Proceeds, along with $116 million in cash, will be used to fund the acquisition of Harden Healthcare Holdings Inc. for about $408.8 million, comprised of $355 million in cash and around $53.8 million in Gentiva common stock, and to refinance existing debt.

Pro forma for the acquisition, secured leverage will be 3.4 times, net secured leverage will be 3.2 times, total leverage will be 4.8 times and net total leverage will be 4.5 times.

Closing is expected in mid-October, subject to customary conditions.

Gentiva is an Atlanta-based provider of home health and hospice services. Harden is an Austin, Texas-based provider of home health, hospice and community care services.

Paradigm readies deal

Paradigm Precision Group emerged with plans to hold a bank meeting at 10 a.m. ET on Tuesday to launch a $330 million credit facility, according to a market source.

The facility consists of a $70 million revolver and a $260 million term loan B, the source said.

RBC Capital Markets, Deutsche Bank Securities Inc., SMBC and SunTrust Robinson Humphrey Inc. are the bookrunners on the deal that will be used to help fund the purchase of eight aerospace component fabrication and machining facilities from Unison Engine Components, a subsidiary of GE Aviation.

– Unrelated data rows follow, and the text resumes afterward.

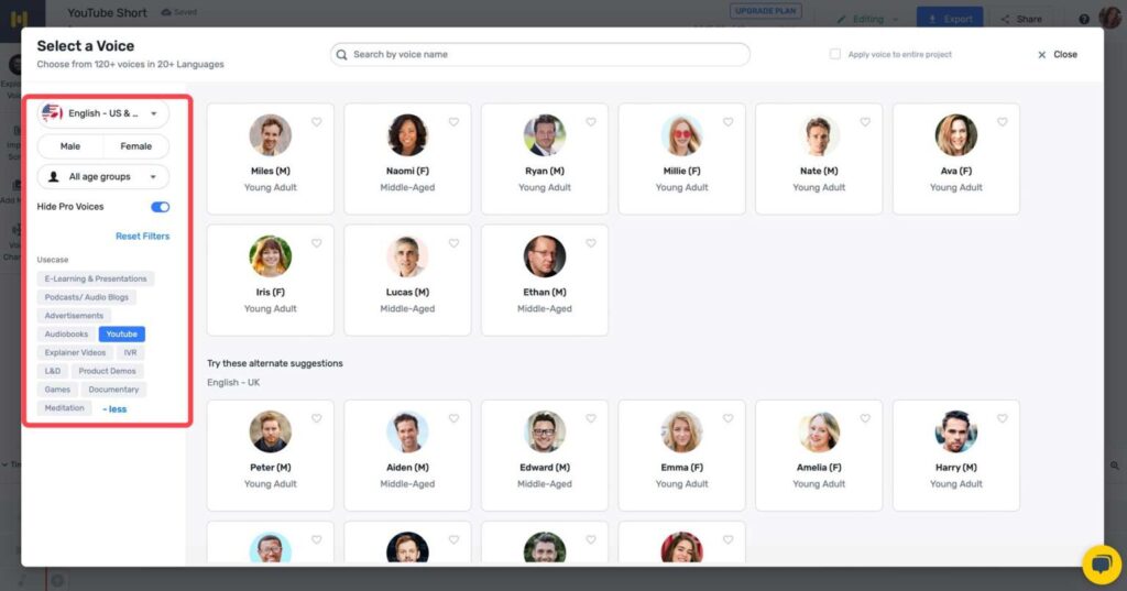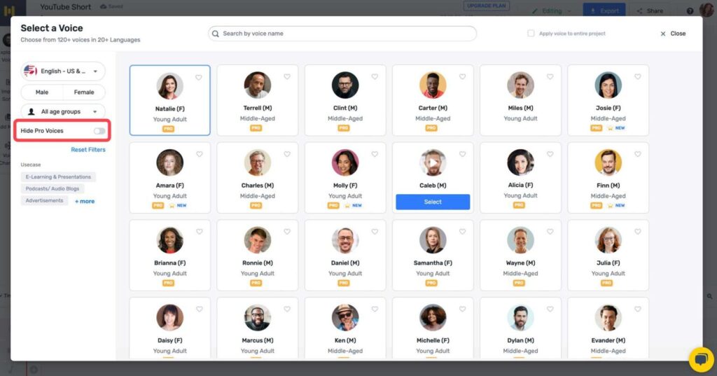 If you’re following along with the free version, toggle Hide Pro Voices to view the available voices.
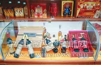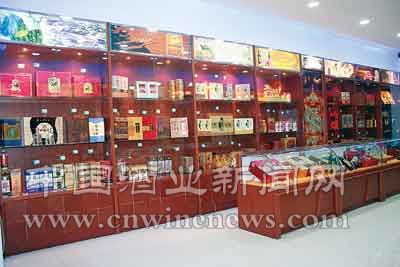 店内用一整列货柜来分档次陈列各类酒水。货柜前摆放了几节柜台,用来陈列各种礼盒酒。
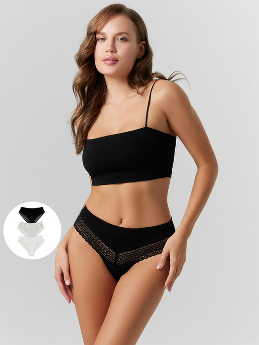 Трусы женские силуэта слип со средней посадкой из рибаны. По талии эластичная тесьма с зубом настрочена на 4-укольном зигзаге. Ножки обработаны узким кружевом шириной, на передней и задней частях со средним швом. Подкладка ластовицы из кулирной глади. Срезы ластовицы обработаны эластичной тесьмой с зубом на п/ш с изнаночной стороны.

Closing is expected by year-end.

Paradigm Precision is a Stuart, Fla.-based manufacturer of complex components, specializing in the combustion section of turbine engines used in commercial and military aviation as well as industrial gas turbine applications.

Systems Maintenance on deck

Systems Maintenance Services scheduled a bank meeting for 9 a.m. ET on Thursday to launch a $240 million credit facility, according to a market source.

The facility consists of a $20 million revolver, a $160 million first-lien term loan B and a $60 million second-lien term loan, the source said.

GE Capital Markets and BMO Capital Markets are leading the deal that will be used to refinance existing debt and fund a dividend.

System Maintenance Services is a Charlotte, N.C.-based provider of managed IT asset lifecycle support services.

99 Cents plans call

99 Cents Only Stores will host a call at 11 a.m. ET on Thursday to launch a $100 million incremental term loan and a repricing of its existing $507 million term loan from Libor plus 400 bps with a 1.25% Libor floor, according to a market source.

RBC Capital Markets, BMO Capital Markets and Deutsche Bank Securities Inc. are leading the deal.

99 Cents is a City of Commerce, Calif.-based operator of extreme-value retail stores.